When you execute the helm install command, the Helm client makes sure it has an up-to-date copy of the chart you’ve named by checking with the source repository. Then it uses the template to generate YAML configuration code, overriding default values from the chart’s values.yaml file with any values you’ve provided. It then uses the kubectl command to apply this configuration to your currently configured Kubernetes cluster.

If you’d like to see the configuration that a Helm chart will produce before applying it, you can use the handy template command. It supports the same syntax as the install command:

helm template mysql bitnami/mysql -f values.yaml

Running this command will produce quite a bit of output, so you may want to redirect it to a file (append > values-template.yaml to the command) so you can take a longer look. Alternatively, you can look at the copy we have saved in the source code repository.

You’ll notice that several types of resources are created, as summarized in Figure 4-3. Many of the resources shown have been discussed, including the StatefulSets for managing the primary and secondary replicas, each with its own service (the chart also creates headless services that are not shown in the figure). Each Pod has its own PersistentVolumeClaim that is mapped to a unique PersistentVolume.

Figure 4-3 also includes resource types we haven’t discussed previously. Notice first that each StatefulSet has an associated ConfigMap that is used to provide a common set of configuration settings to its Pods. Next, notice the Secret named mysql, which stores passwords needed for accessing various interfaces exposed by the database nodes. Finally, a ServiceAccount resource is applied to every Pod created by this Helm release.

Let’s focus on some interesting aspects of this deployment, including the usage of labels, ServiceAccounts, Secrets, and ConfigMaps.

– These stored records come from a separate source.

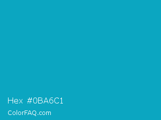 Hex #0ba6c1 Color is a normal cyan color and the nearest color is Pacific Blue Crayola #009dc4. Hex code #0ba6c1 and RGB value is rgb(11,166,193). In RGB color space, this color is composed of 4% red, 65% green, 76% blue, In CMYK color space, this color is composed of 94% cyan, 14% magenta, 0% yellow , 24% black , In HSL color space, this color has a hue angle of 189° , 89% saturation and 40% lightness.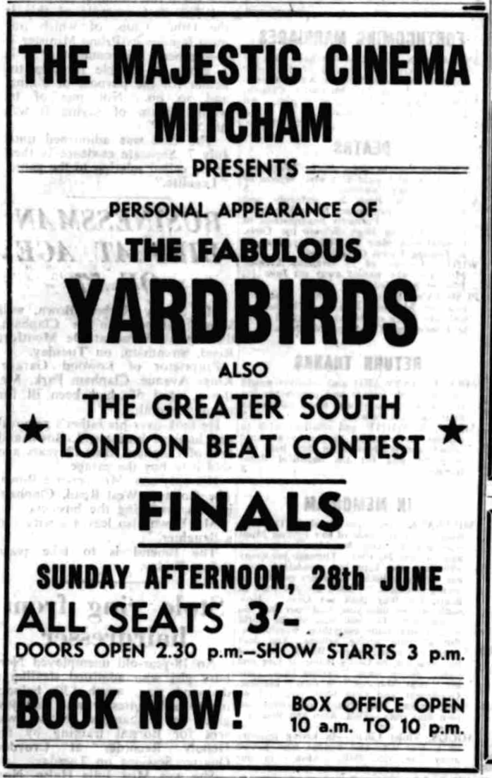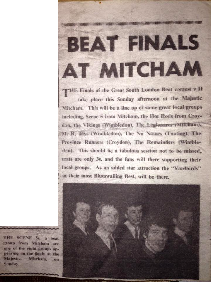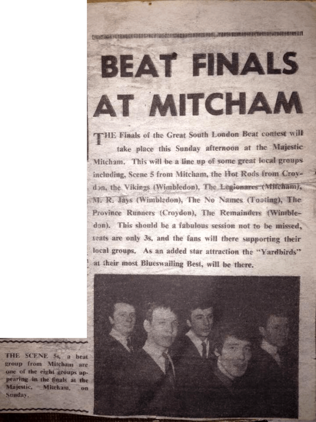 The Finals of the Great South London Beat contest will take place this Sunday afternoon at the Majestic Mitcham. This will be a line up of some great local groups including, Scene 5 from Mitcham, the Hot Rods from Croydon, the Vikings (Wimbledon), The Legionares (Mitcham), M. R. Jays (Wimbledon), The No Names (Tooting), The Province Runners (Croydon), The Remainders (Wimble-don). This should be a fabulous session not to be missed, seats are only 3s. and the fans will be there supporting their local groups. As an added star attraction the “Yardbirds” at their most Blueswailing Best, will be there.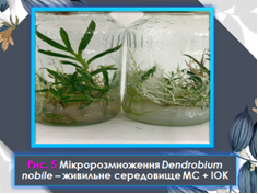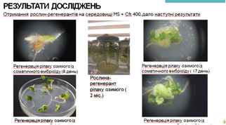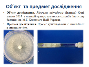 Окремим напрямком йшли дослідження з особливостей культивування рослин в умовах in vitro, проведені Вікторією Двороківською, Єлизаветою Бережною, Андрієм Романенко, Юлією Бученко та іншими студентами під керівництвом Оксани Лобової, Юлії Коломієць, Віри Бородай). Особливо хочеться відмітити групу студентів Світлану Ширченко, Анастасію Савенко, Дениса Зленко та інших, які під керівництвом доцента Ольги Бойко вивчали особливості росту видів базидіальних грибів роду Pleurotus та інших грибів, а також Дар’ї Метейко, що досліджувала особливості культивування штаму-продуценту вітаміну В2 (рибофлавіну) Bacillus subtilis на базі Інституту харчової біотехнології та геноміки.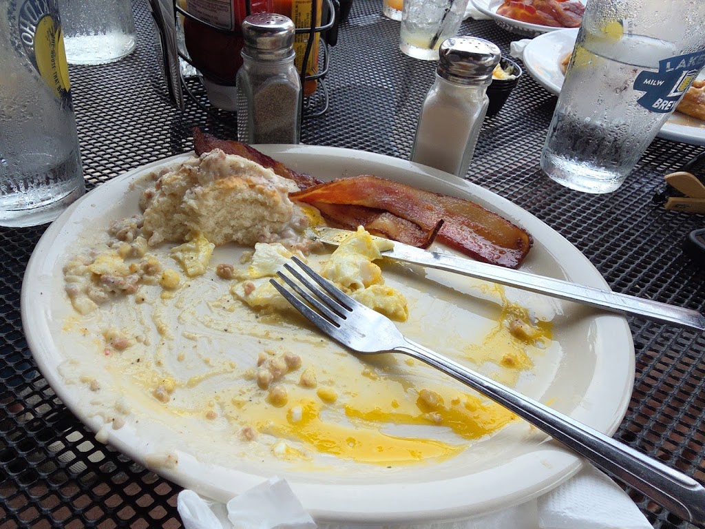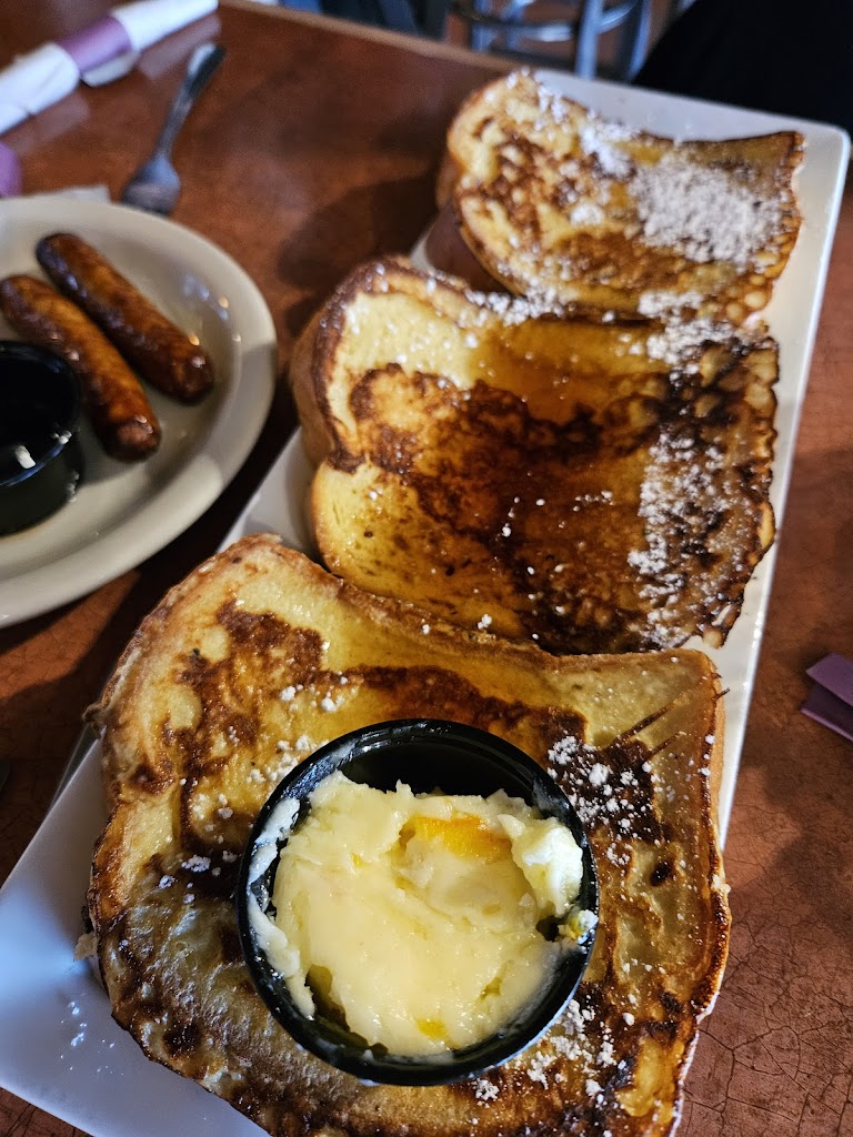 Edible food, I guess technically better than I could cook at home, they must have just redone the menu or the recipes food was more dry and bland the we remembered. When the food came out many parts like syrup were missing, water glasses were constantly empty. Nobody finished their food and the portions were normal.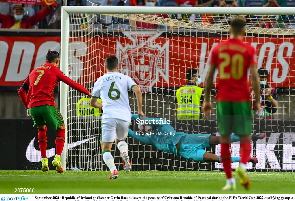 1 September 2021; Republic of Ireland goalkeeper Gavin Bazunu saves the penalty of Cristiano Ronaldo of Portugal during the FIFA World Cup 2022 qualifying group A match between Portugal and Republic of Ireland at Estádio Algarve in Faro, Portugal. Photo by Stephen McCarthy/Sportsfile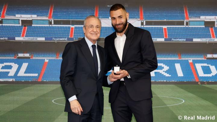 “亲爱的卡里姆,今天也是一个值得高兴的日子,你将作为传奇之一载入皇马史册。你已赢得一切,但我们也记得你是如何获得的。在皇马,没人赢得的荣誉比你多,你以金球奖得主的身份为皇马生涯画上句号。亲爱的朋友们,今天他将成为我们历史上最不可思议的球员之一。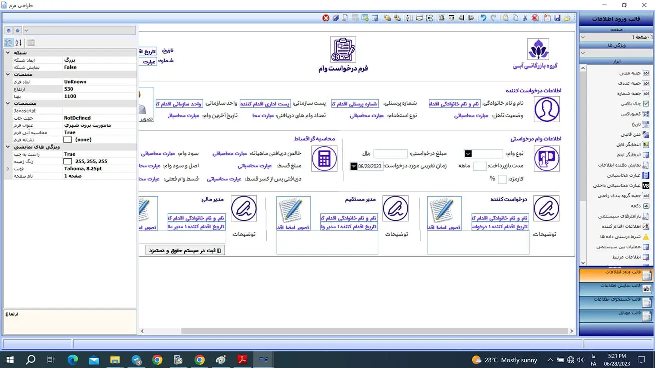 در نرم افزار، می توانیم انواع فرم ها و فرآیندهای مرتبط با صدور وامهای مختلف را پیاده سازی کنیم، در این فرمها می توانیم اطلاعات احکام حقوقی یا سوابق وامهای قبلی را نمایش دهیم و انواع محاسبات را برای کنترل سقف وام، مبلغ اقساط و … انجام دهیم.
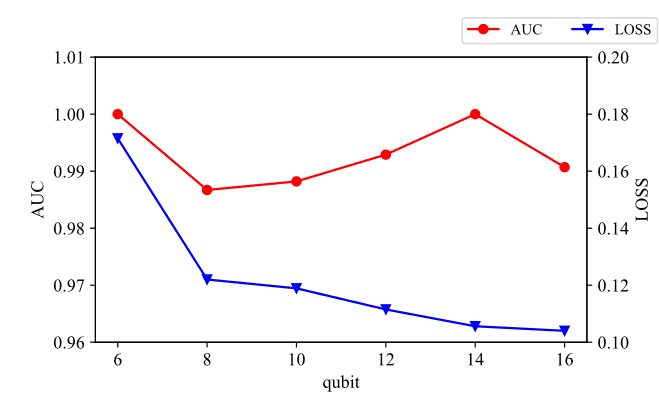 图6 多量子比特纠缠系统的LOSS和AUC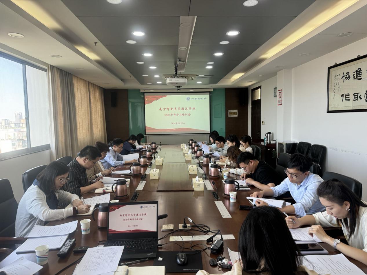 会议传达学习了《中共中央办公厅关于在全党开展党纪学习教育的通知》精神,认真学习了近期中央纪委国家监委通报的8起违规吃喝典型问题和扬州市纪委监委公开通报的3起违反中央八项规定精神典型案例,学习了《中共南京邮电大学通达学院纪律检查委员会2024年度落实全面从严治党监督责任清单》《2024年重点工作监督检查方案》。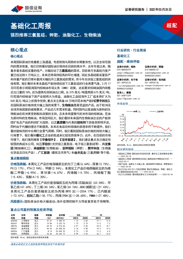 【国信证券】【20220325】20220325-国信证券-基础化工周报:强烈推荐三氯氢硅、钾肥、油脂化工、生物柴油-19页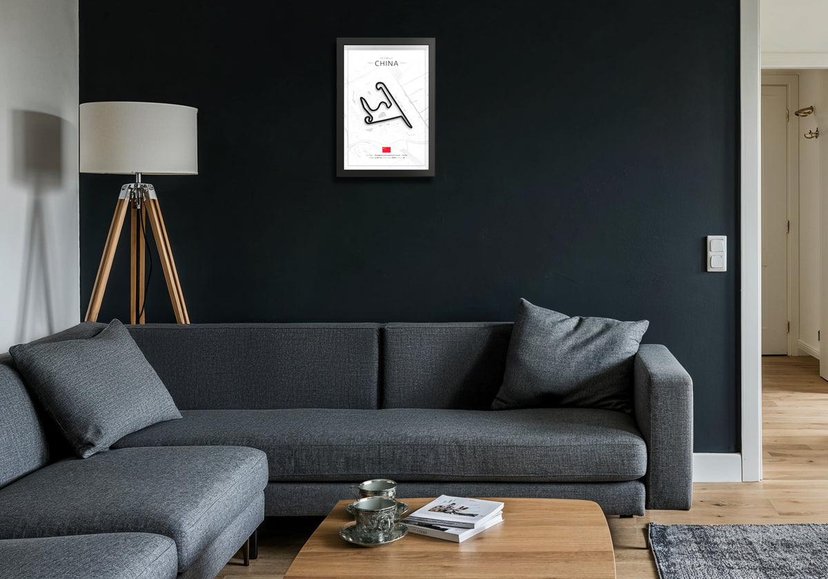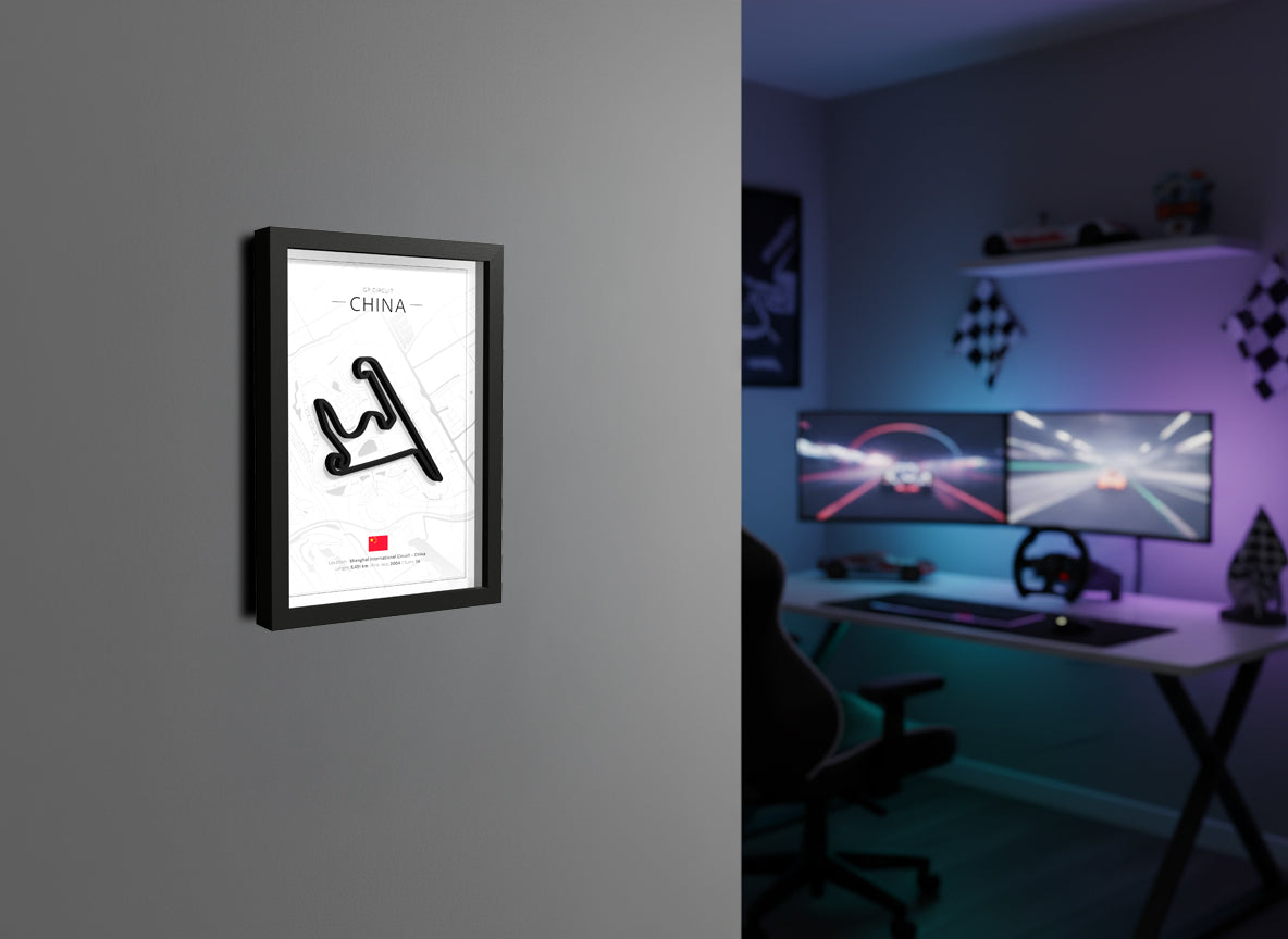Looking for a unique motorsport gift or a stylish piece to elevate your space? This detailed 3D artwork features the full China circuit, beautifully framed in a deep black wooden frame. With its clean lines and raised 3D effect, it captures the essence of racing while fitting seamlessly into any interior.

Deploying MySQL using the Bitnami Helm chart
Figure 4-3. Deploying MySQL using the Bitnami Helm chart

Labels

If you look through the output from the helm template, you’ll notice that the resources have a common set of labels:

  labels:
    app.kubernetes.io/name: mysql
    helm.sh/chart: mysql-8.8.8
    app.kubernetes.io/instance: mysql
    app.kubernetes.io/managed-by: Helm

These labels help identify the resources as being part of the mysql application and indicate that they are managed by Helm using a specific chart version. The labels are useful for selecting resources, which is often useful in defining configurations for other resources.

ServiceAccounts

Kubernetes clusters make a distinction between human users and applications for access control purposes. A ServiceAccount is a Kubernetes resource that represents an application and what it is allowed to access. For example, a ServiceAccount may be given access to some portions of the Kubernetes API, or access to one or more secrets containing privileged information such as login credentials. This latter capability is used in your Helm installation of MySQL to share credentials between Pods.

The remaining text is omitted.